When it is amoral... (Re: When is a cast not a cast?)

Blair P. Houghton bph at buengc.BU.EDU
Thu May 4 08:37:14 AEST 1989


			   Hey!  That's me!! :-) --vvvvvvvvvvvvvvvvv
In article <2747 at buengc.BU.EDU> bph at buengc.bu.edu (Blair P. Houghton) writes:
>
[...You've read the movie, now go see the book!!...]

Thanks to all who pushed me upright.  I seem to have been tottering on
the brink of looneytunes for the past few days (pulling ten all-nighters
in 2.5 weeks is no way to live, especially when yer a grad stoont and
don't have to put up with that final-exam shit anymore.  Yup.  I go
40hrs sleepless because I _want_to_... %-|)

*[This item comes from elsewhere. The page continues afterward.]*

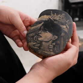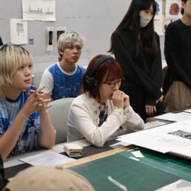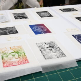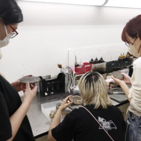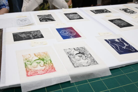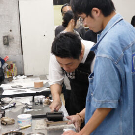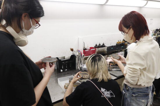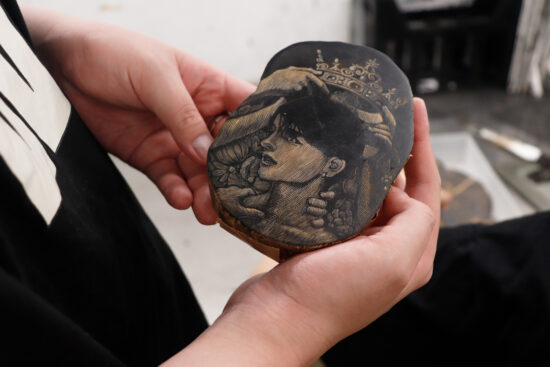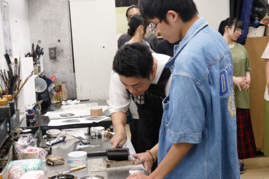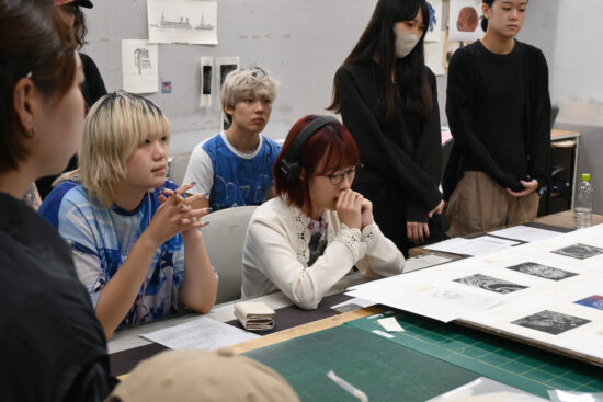 2年生 版画専攻 「木口木版画」長嶋一孝先生による2年生ファインアート科版画専攻「木口木版画」の授業です。 木口木版画は、18世紀頃ヨーロッパで完成された木版画の技法です。柘植、椿等の堅牢な木材の木口の面を、ビュランという彫刻刀で彫り進んでいく木口木版画の技法は、白と黒との精緻な表現に適しています。 本実習では、版画の技法の中でもとりわけ単純で明快な彫って摺るという行為に重点を置き、原初的な彫版の作業の中で自分自身の素直な表象と出会うことを目指します。 |

Anyway, it's now well established that I've harbored a fundamental
misconception about C and pointer indexing for a number of years.

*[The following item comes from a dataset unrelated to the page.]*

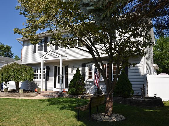 Beautiful landscaping welcomes you to this immaculately kept Colonial. Looks can be deceiving! This home offers 3,040 square feet of versatile living space plus additional space in the partially finished basement with home theater system. Home features 5 bedrooms with 2 full baths and the option of having a master bedroom on the first floor offering a private retreat. Living room features soaring vaulted ceilings with skylights, wood burning fireplace, which was re-pointed last summer and custom wet bar. There is a billiard room adjacent to the living room with the included pool table! Formal dining room, kitchen with upgraded appliances, Corian counters and is open to the family room with vaulted ceilings, skylights and custom built-ins. Beautiful Travertine tile throughout foyer,

I think I've got it identified, and I hope someone else benefits from
my story.  In Jim Kingdon's emailed reply to my original posting, he
mentioned that I should be wary of scaling in pointer arithmetic.  I
wrote back:

	I know all about the automatic scaling of an integer in
	pointer arithmetic.

	I've just always felt a little guilty about using what I'd
	interpreted to be a convenience.  Rather than a proper
	feature of the C syntax, I'd always felt that adding an
	integer to a pointer was allowed as being "the obvious
	thing that should be done in that situation."  There are
	lots of 'obvious' things that are _not_ implemented that
	way, however, and that should have been a clue.  Still, I
	just took it for granted that what was going on was a
	promotion from integer to pointer, then the addition.

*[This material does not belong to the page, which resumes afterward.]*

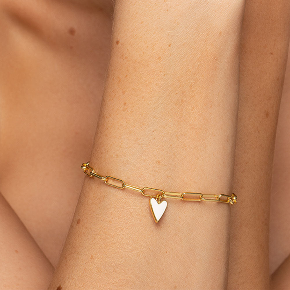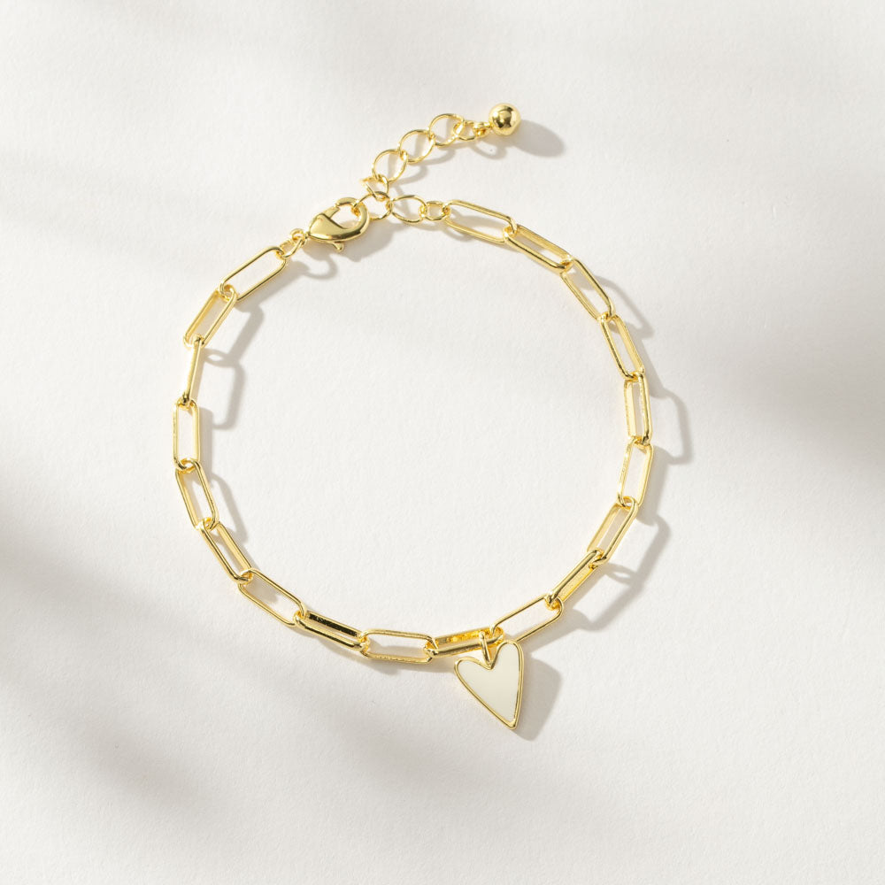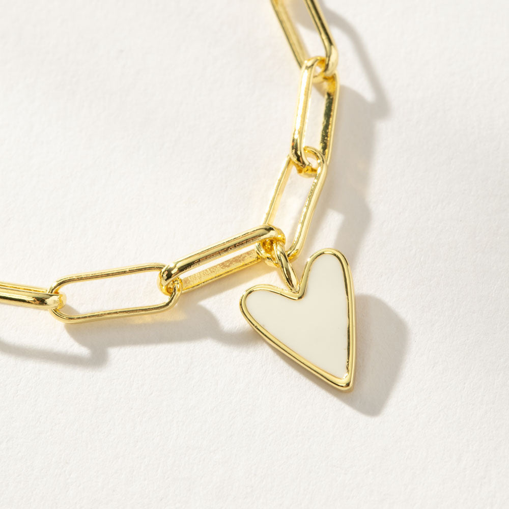 - An enamel white heart charm hangs from a paperclip chain bracelet

	Now I know much, much better.  A pointer isn't really a
	data type at all.  It's a different sort of beastie,
	germane only within a program, and therefore it is
	fallacious to see it as having the properties of a
	countable, measurable, or otherwise physical entity.

The way pointers work implies that they don't refer at all to
anything physical, even to memory locations.

It doesn't change the fact that I'd like to be able to add and subtract
pointers regardless of what trouble I _might_ get into.  Considering the
general level of danger incurred by programming in something so potentially
obfuscatory as C, it's a small barrier to remove.  The arguments of
"why would you want to do _that_?" don't hold water.  I counter with
"Why would you want variadic functions?" and "Why would you want to
define mathematical routines when you can write your own in assembler
and link to them?"

				--Blair
				  "And one of these days I'll know what
				   the middle pedal on a piano is for."